(Data excerpt)

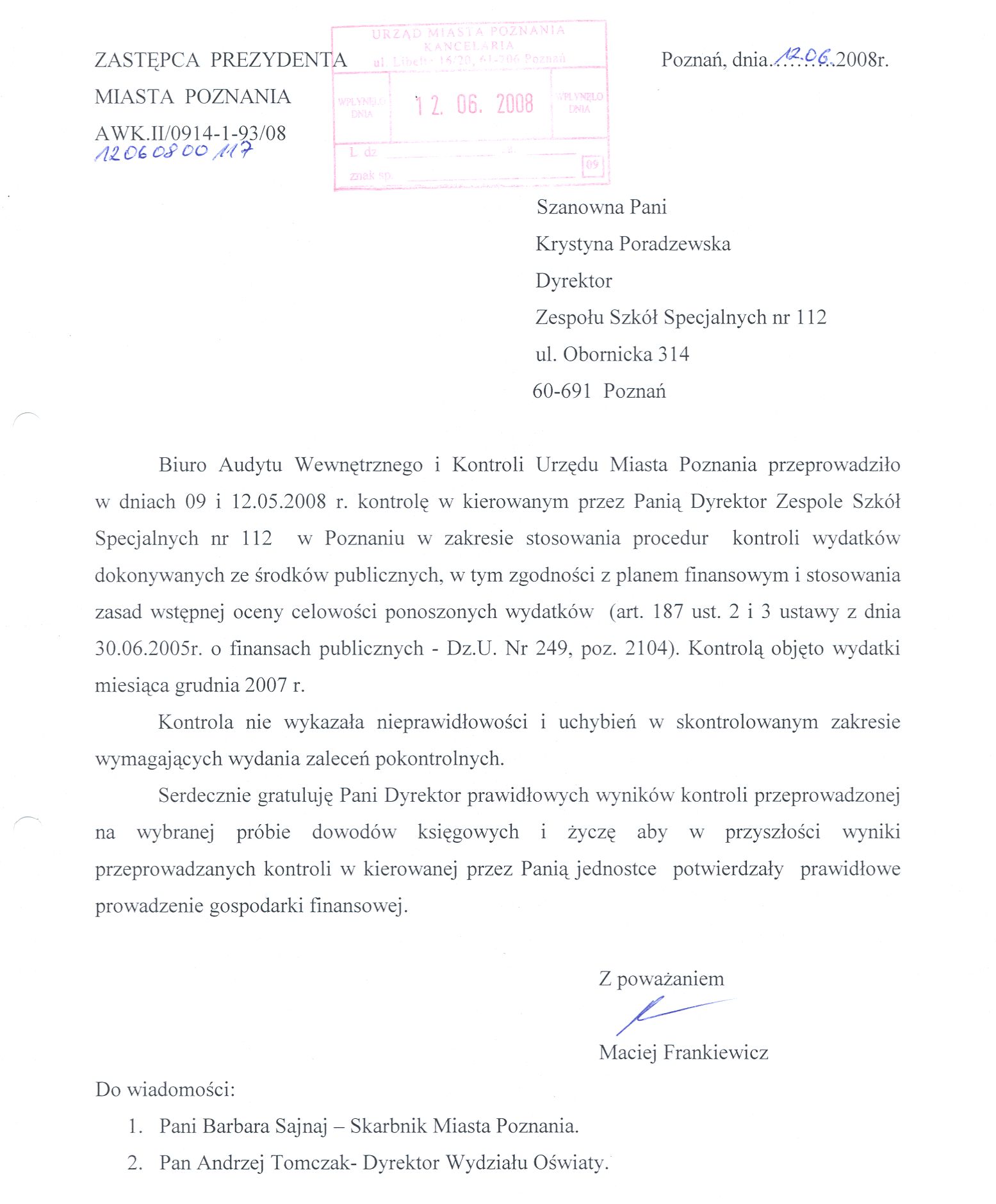 Informacja pobrana do BIP automatycznie z elektronicznego systemu zarządzania dokumentacją Urzędu Miasta Poznania.
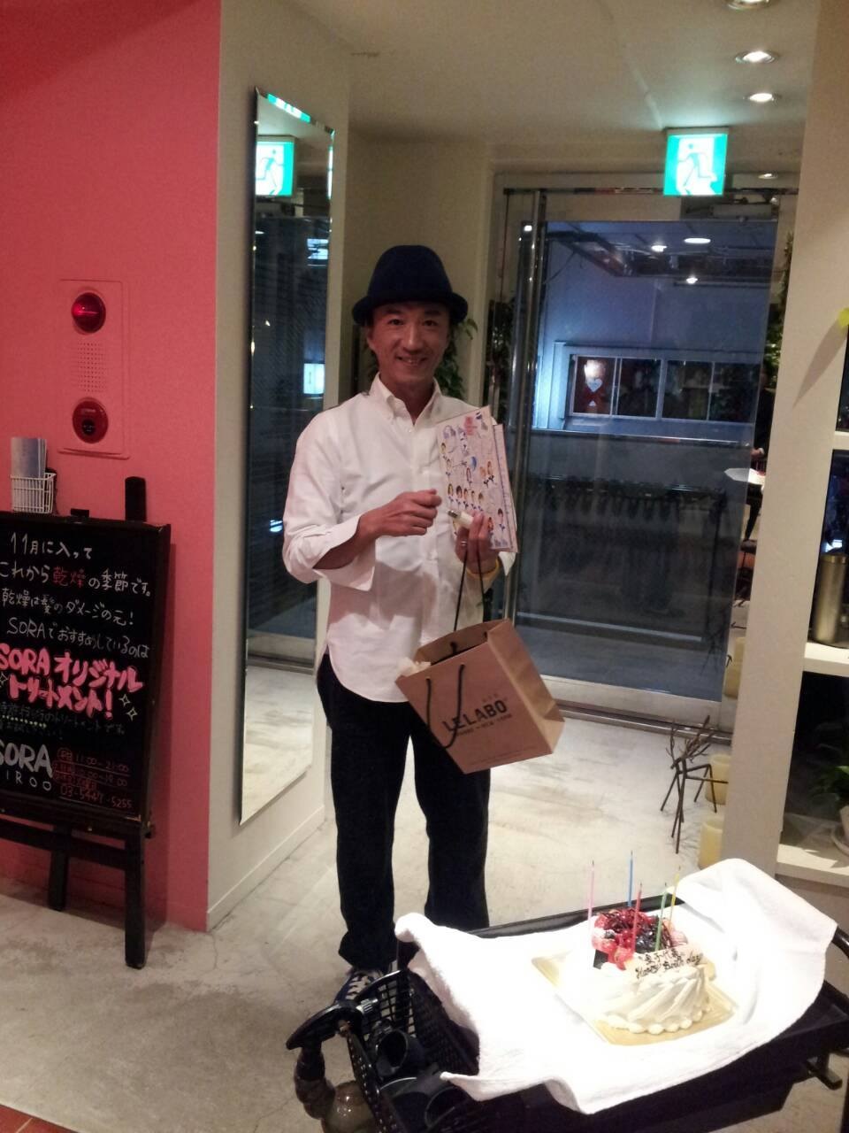 金子代表BIRTH DAY 2013/11/25 MAIN SORA 広尾店 11月26日は金子代表のお誕生日です☆ 広尾店では日曜日の営業後にお祝いをしました!! 3店舗からのメッセージ色紙と誕生日ケーキ 香水とジェルをプレゼントしました!! これからも尊敬するかっこいい代表でいて下さい。 ついていきます!!! 素敵な誕生日を過ごして下さい(^O^)
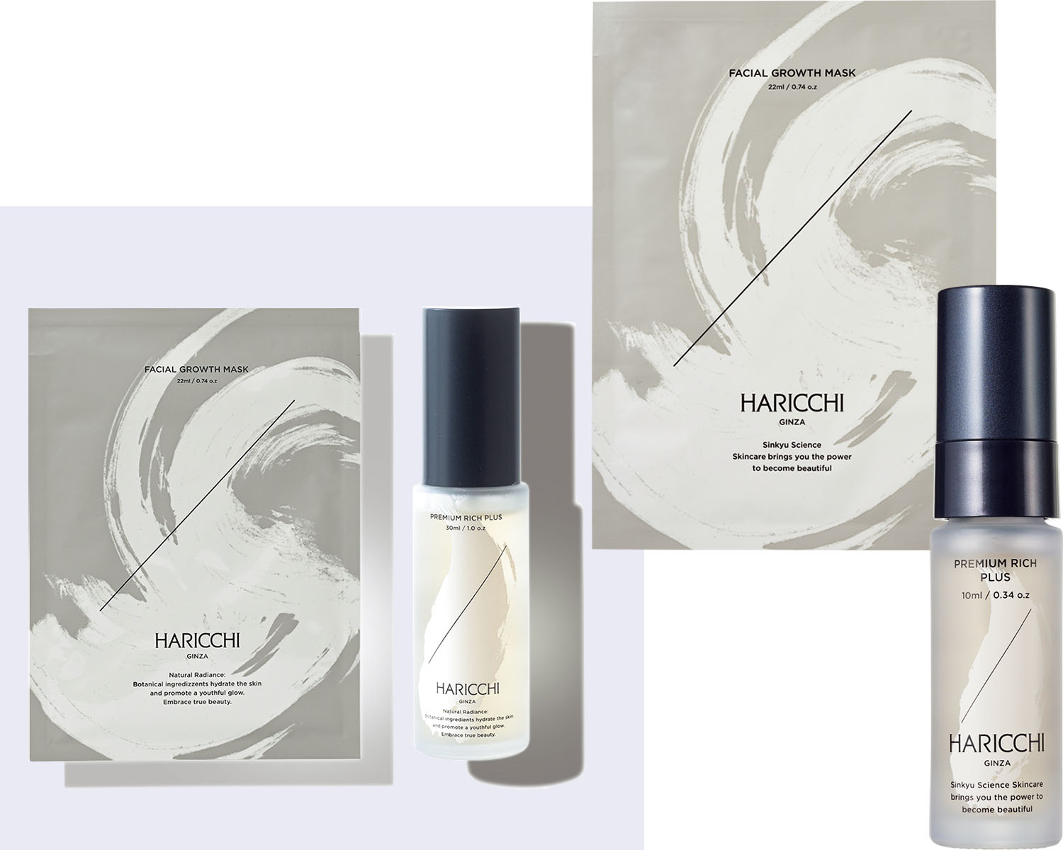 巡らせる鍼灸サイエンスに基づいたケアを。左から:ハリッチ フェイシャルグロースマスク、ハリッチ プレミアムリッチプラス(根幹美容液)10ml ミニボトル

(End Data excerpt)

Line by line, reproduce exactly the lines from the one containing "金子代表BIRTH DAY 2013/11/25" through the final line of the material, both included, leaving every picture out.

Result of the exercise:
 金子代表BIRTH DAY 2013/11/25 MAIN SORA 広尾店 11月26日は金子代表のお誕生日です☆ 広尾店では日曜日の営業後にお祝いをしました!! 3店舗からのメッセージ色紙と誕生日ケーキ 香水とジェルをプレゼントしました!! これからも尊敬するかっこいい代表でいて下さい。 ついていきます!!! 素敵な誕生日を過ごして下さい(^O^)
 巡らせる鍼灸サイエンスに基づいたケアを。左から:ハリッチ フェイシャルグロースマスク、ハリッチ プレミアムリッチプラス(根幹美容液)10ml ミニボトル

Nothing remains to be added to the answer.